Today Boston 1775 welcomes guest blogger Eric Jaffe, author of a new book titled The King’s Best Highway: The Lost History of the Boston Post Road, the Route That Made America. This essay, adapted from the book, describes the development of the British postal system along the Atlantic coast, and how it got caught up in Revolutionary change.

The first American post rider left New York for Boston in January of 1673. Francis Lovelace, colonial governor of New York, made establishing a postal system his personal mission. And his personal obsession. So consumed was Lovelace with the mail that he imprudently left New York that July to discuss the system, only to be interrupted with the news that the Dutch had taken Manhattan.

Following this fateful decision, the colonial postal system endured a period of fits and starts. The new Dutch leader outlawed correspondence with New England, even jailing the English post rider John Sharpe. When Britain regained New York in 1674, Governor Thomas Dongan was authorized to set up post offices all along the East Coast, but was sent “noe power”—read: money—“to doe it.”

A lack of adequate funding plagued the young system for decades. Duncan Campbell, colonial postmaster of New England and firm believer in a system “of so great a benefit to this country,” frequently petitioned the mother country for expenses. Still, by the time his son, John Campbell, assumed this position in the early 1700s, the office lost a considerable 275 pounds a year. By late September 1703, John Campbell was soliciting colonial leaders for “some encouragement” to boost his post office, “else of necessity it must drop.”
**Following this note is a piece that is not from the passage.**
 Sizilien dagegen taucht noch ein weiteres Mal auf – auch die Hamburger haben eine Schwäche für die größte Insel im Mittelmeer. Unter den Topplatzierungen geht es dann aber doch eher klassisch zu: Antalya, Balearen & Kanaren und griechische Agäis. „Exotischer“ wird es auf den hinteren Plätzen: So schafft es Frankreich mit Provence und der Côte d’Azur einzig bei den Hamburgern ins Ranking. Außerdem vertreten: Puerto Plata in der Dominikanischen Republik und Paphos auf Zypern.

It was Ben Franklin who finally gave the post office the “encouragement” it needed to thrive. As joint deputy postmaster general, the post office’s highest position in America, Franklin addressed the problems with mail service that had lingered, nearly unchanged, for roughly a century. He provided postmasters with precise accounting tables and demanded punctuality of his riders. “You are not,” he instructed them, “out of Friendship or Compliment to any Person whatsoever, to delay his Majesty’s Post one Quarter of an Hour.” If a letter sat unclaimed for two months, it was sent to Philadelphia—the birth of the “dead letter office.”
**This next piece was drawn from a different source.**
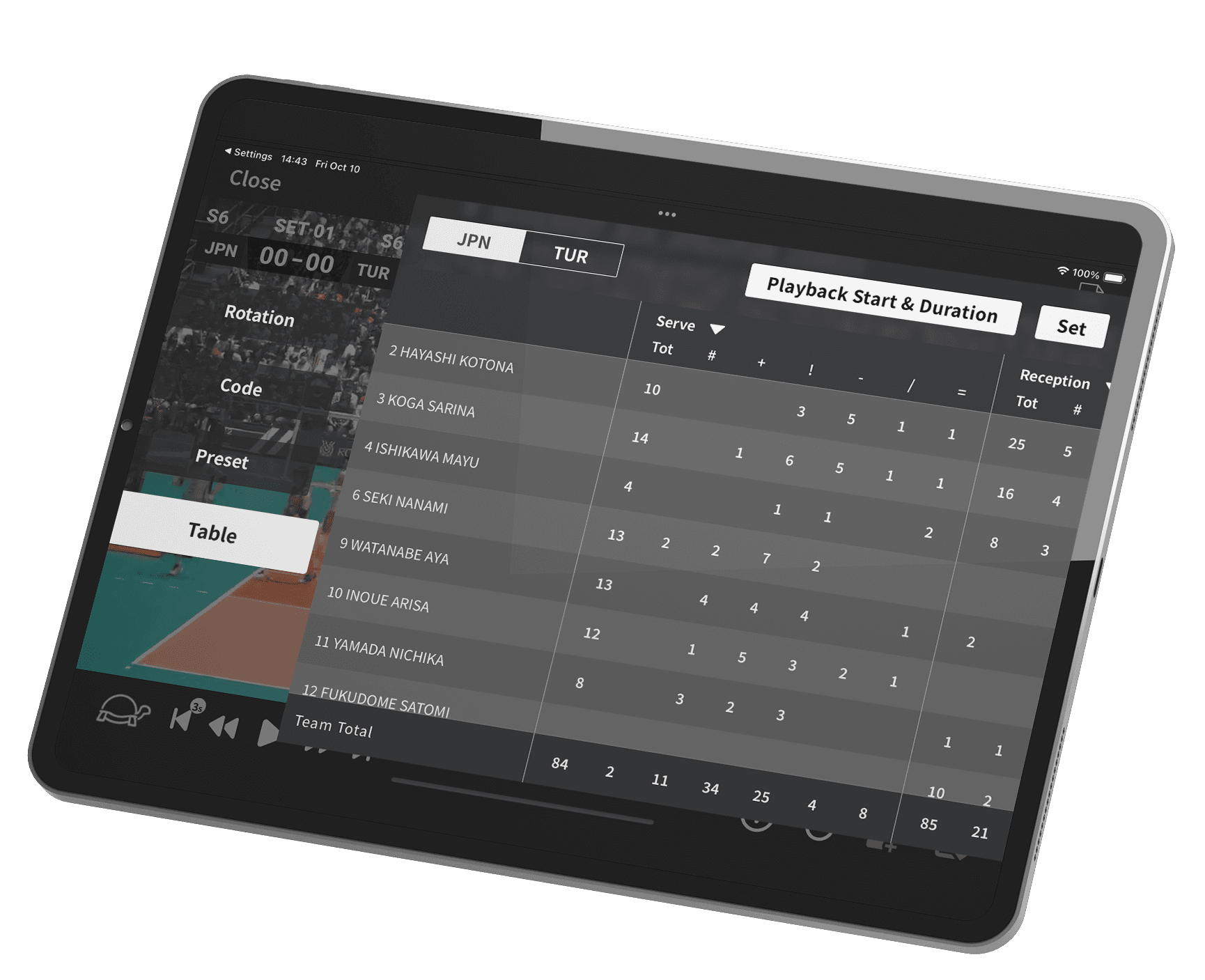 Filter scenes by skill, tempo, or player name to pinpoint exactly the moments you need.

Later on, Franklin devised an odometer that measured distance between routes and called for the placement of milestones to both guide riders and help them calculate costs. He hung rate-tables in every office and slashed the speed of exchange between New York and Boston: “By making the Mails travel by Night as well as by Day,” he wrote, “Letters may be sent and answers received in four Days, which before took a fortnight.”

Taken altogether, Franklin’s designs essentially drew the modern postal blueprint. He made communication in America strikingly efficient. Finally, come 1761, he made it profitable. It had taken eight years, but the colonial post office finally earned money for the English government: a modest 494 pounds. Over the next three years the American office sent the mother country roughly two thousand more.

Sure enough, the throne took a renewed interest in the colonial post. King George III ordered colonies to do whatever it took so “the Posts may meet with no delays or interruptions.” Soon the crown decreed that anyone caught robbing the post “upon the King’s Highway … shall suffer Death as a Felon.” The measures largely worked. By 1774, England annually brought in 3,000 pounds from the American post.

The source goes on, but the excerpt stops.